Select the correct conclusion at the 0.05 significance level from the list of choices below.

A: We reject the null hypothesis at the 0.05 significance level and conclude that there is no association between the screen a student viewed and if the student became a paying customer.

B: We fail to reject the null hypothesis at the 0.05 significance level and conclude that there is no association between the screen a student viewed and if the student became a paying customer.

C: We reject the null hypothesis at the 0.05 significance level and conclude that there is a statistically significant association between the screen a student viewed and if the student became a paying customer.

D: We fail to reject the null hypothesis at the 0.05 significance level and conclude that there is a statistically significant association between the screen a student viewed and if the student became a paying customer.


In [None]:
Answer = 'C'

**Task 18** - Visualization

Draw a side-by-side barplot illustrating the distribution of conversion by experimental group.

In [None]:
import matplotlib.pyplot as plt
import seaborn as sns

sns.barplot(data=ABtest,x='Group',y='Payment',ci=None)
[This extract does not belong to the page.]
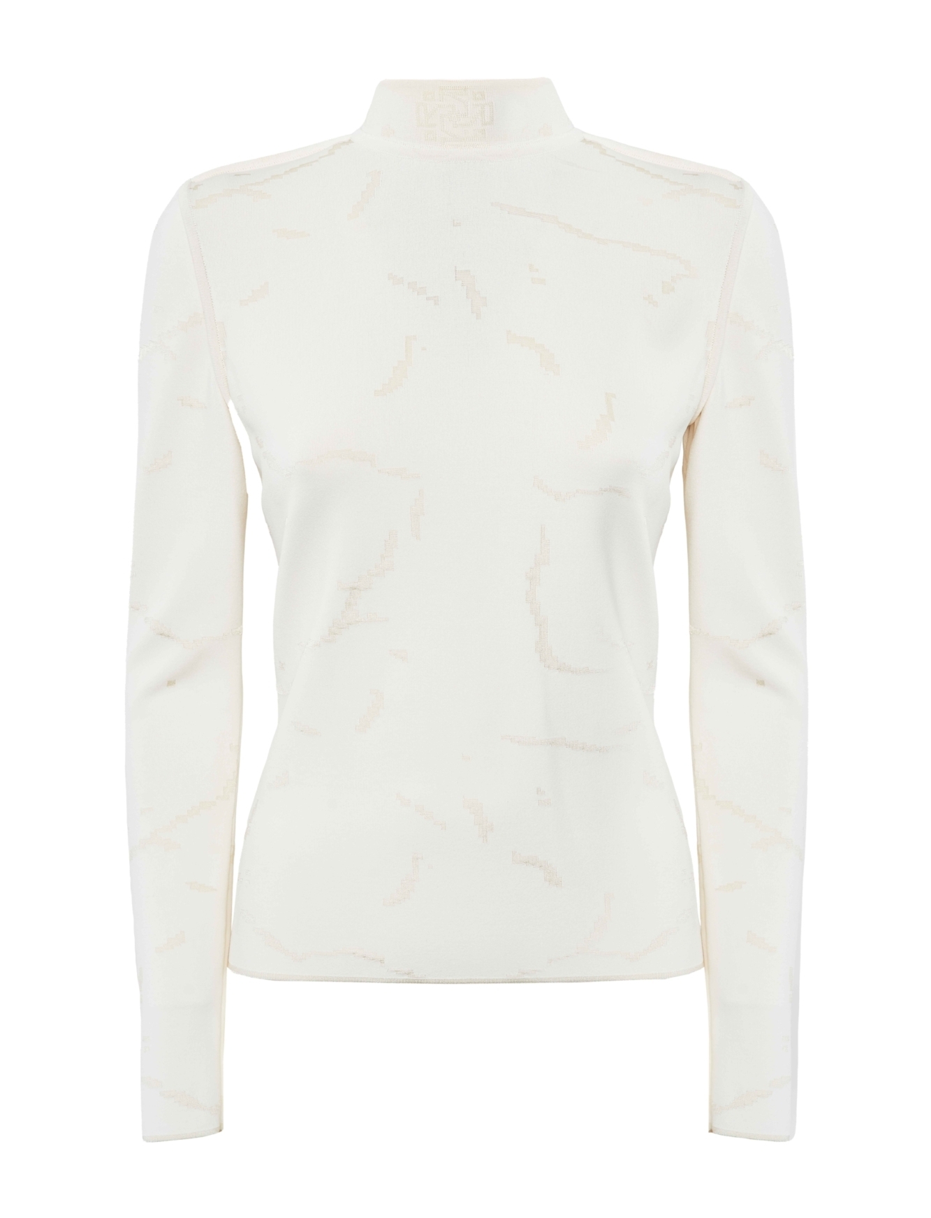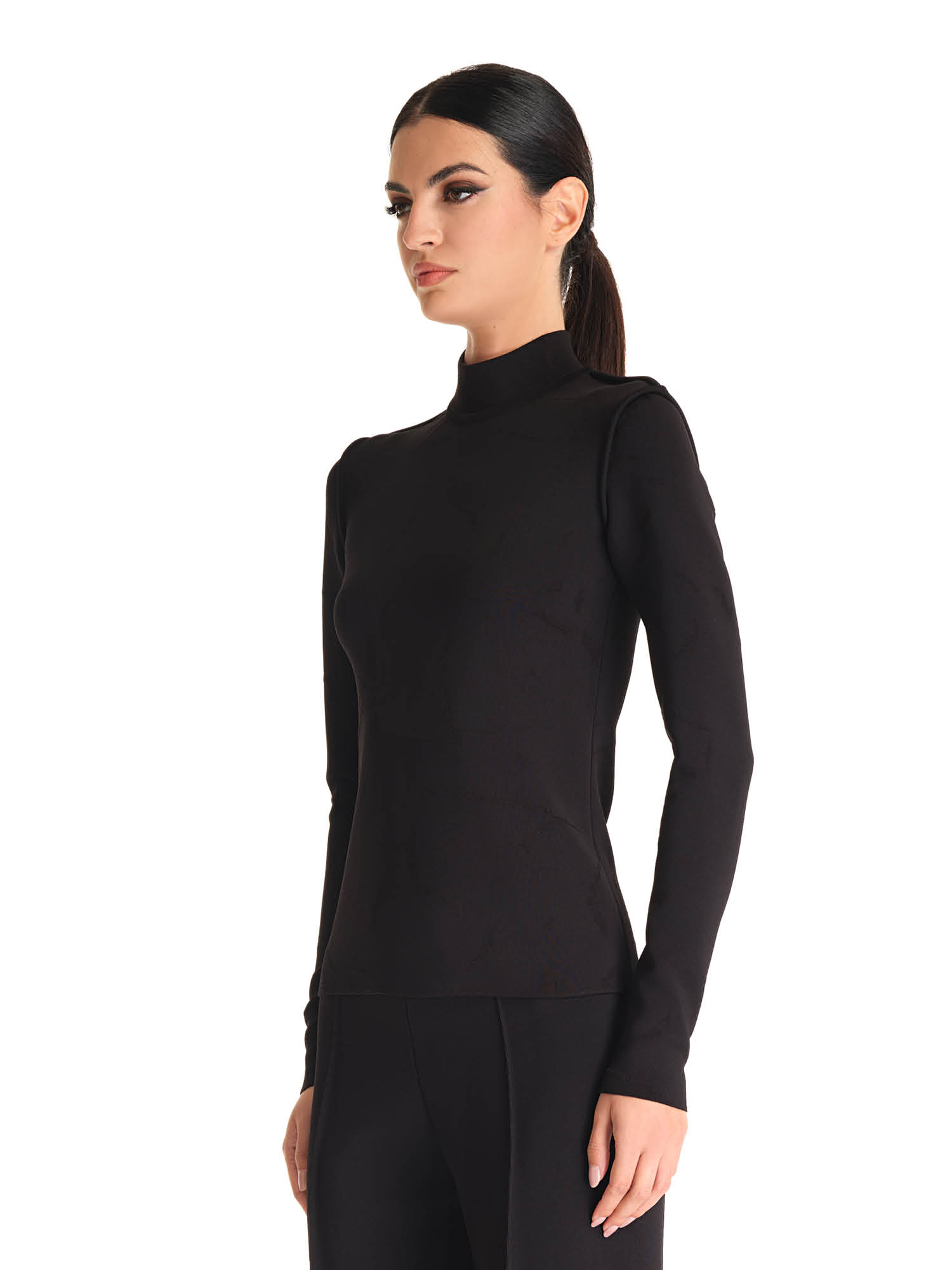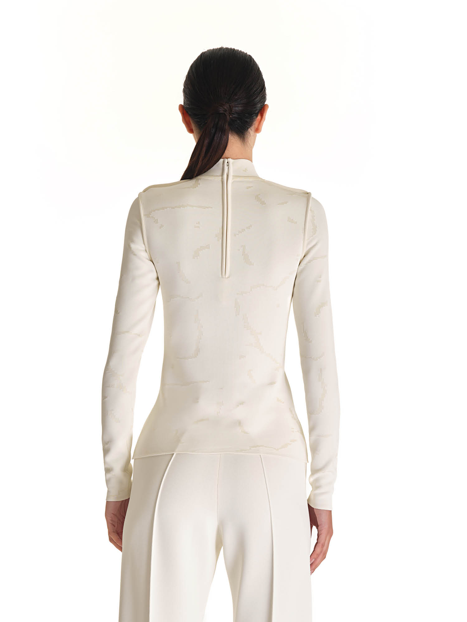 Top manica lunga e collo alto in morbida maglia di Viscosa Stretch indeformabile, fantasia jacquard tono su tono cracklè Rallegrati.

**Task 19** - Bayesian and Frequentist Statistics

In a few sentences, describe the difference between Bayesian and Frequentist statistics.

This task will not be autograded - but it is part of completing the challenge.

**Task 19 ANSWER:**

SHORT ANSWER HERE : The difference is that one of takes in P(Hypothesis|Data) whie the other is reciprocal.